In the present work, we have prepared a novel core–shell Fe₃O₄@SiO₂@K₁₀ nanocatalyst via loading of montmorillonite on the surface of Fe₃O₄@SiO₂ nanoparticles. Furthermore, the prepared catalyst has been explored for the acylation of the various nucleophilic substrates such as alcohols, phenols, amines, and thiols derivatives. This process has many advantages over the previously known methods of acylation in terms of excellent yields, lesser reaction time, ambient reaction conditions and solvent free environment supporting the green chemistry. Also, no significant loss of activity of the catalyst has been observed when used in 10 cycles.

4. Experimental

4.1. General methods

All commercial compounds and solvents (Spectrochem, Aldrich, Merck etc.) were used without purification. Melting points were determined in an open capillary and were uncorrected. The prepared nanoparticles of silica-coated ferrite magnetite-K₁₀ montmorillonite nanocatalyst were characterized by using different characterization techniques like Fourier transmission-infrared spectroscopy (FT-IR, Perkin Elmer, Version 10.6.1), powder X-ray diffraction (PXRD Brucker D8 Advances), field emission scanning electron microscope (FE-SEM, JEOL, JSM-7610F plus) and energy-dispersive X-ray spectroscopy (EDS, OXFORD EDS LN2).

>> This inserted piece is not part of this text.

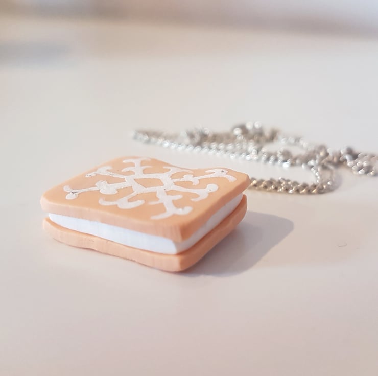 Retro Mini Custard Cream Biscuit necklace OR keyring - handmade, unique, gift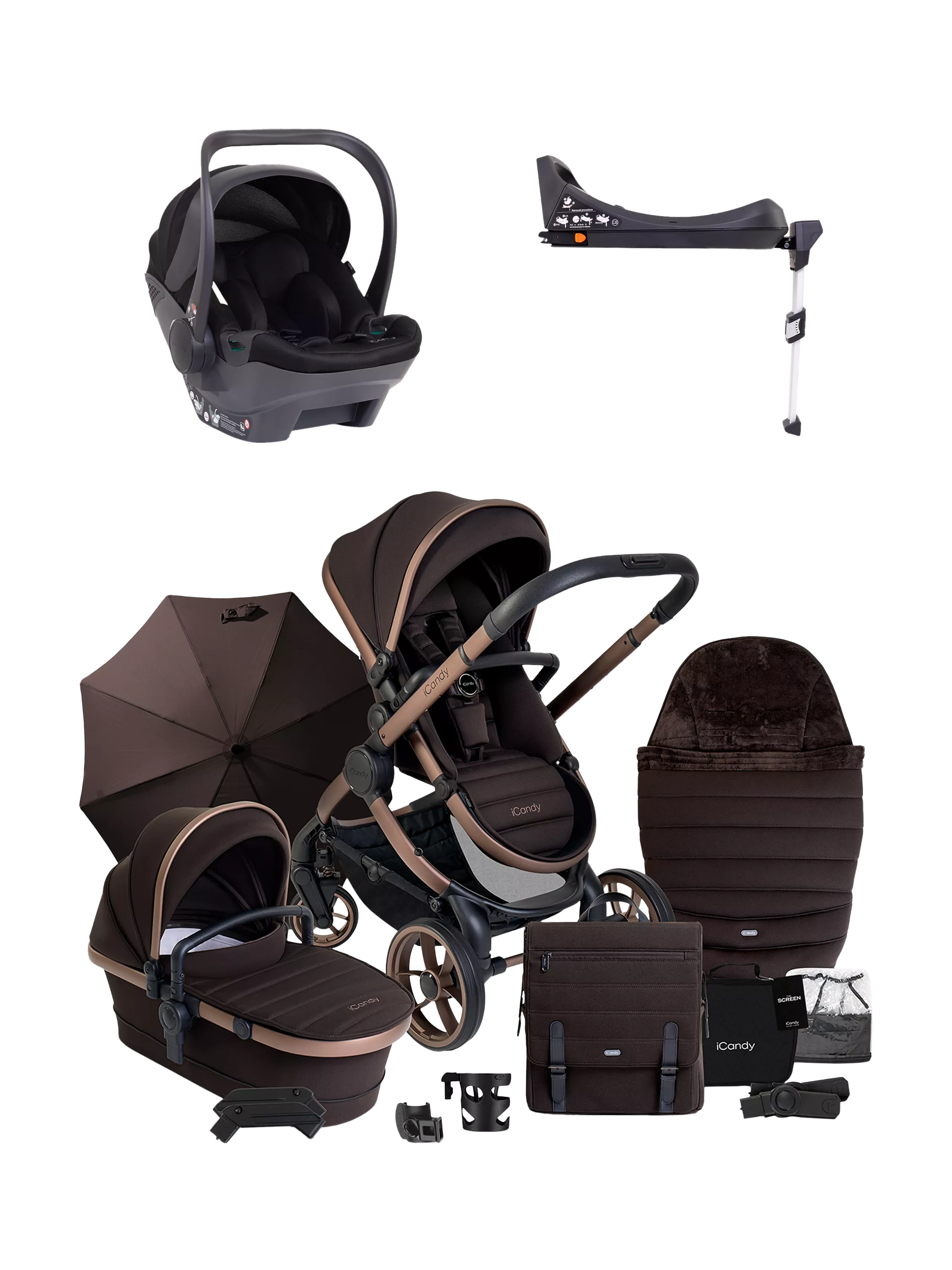 This bundle offers the complete travel system with the complete Peach 7 pushchair and the compatible iCandy Cocoon Car Seat and i-size base. It comes with a complete chassis with a seat unit, a complete carrycot, a rain cover, elevators and car seat adaptors. As well you'll also get handy accessories like a changing bag, Duopod footmuff, parasol, sun shield and cup holder.

4.2. Synthesis of Fe₃O₄ nanoparticles

The synthesis of Fe₃O₄ nanoparticles was achieved by using simple wet chemical reduction technique.⁴⁹

2.7 g of ferric chloride hexahydrate was dissolved in de-ionized water to make the total volume up to 100 ml in a volumetric flask to get 0.1 M of solution. In an another volumetric flask, 9.4 g of sodium borohydride was dissolved in de-ionized water to make total volume up to 100 ml to get 2.5 M of the solution. Added, 40 ml of ferric chloride hexahydrate solution drop wise to the 10 ml of sodium borohydride solution under stirring for about 15 minutes. The completion of the reaction was indicated by the disappearance of the bubbles through the reaction mass and appearance of the black precipitates. The prepared nanoparticles of Fe₃O₄ were separated through the reaction mass by external magnet and were washed with de-ionized water. Finally the nanoparticles were dried in oven at 60 °C for 12 hours to get 1.65 g of Fe₃O₄ nanoparticles.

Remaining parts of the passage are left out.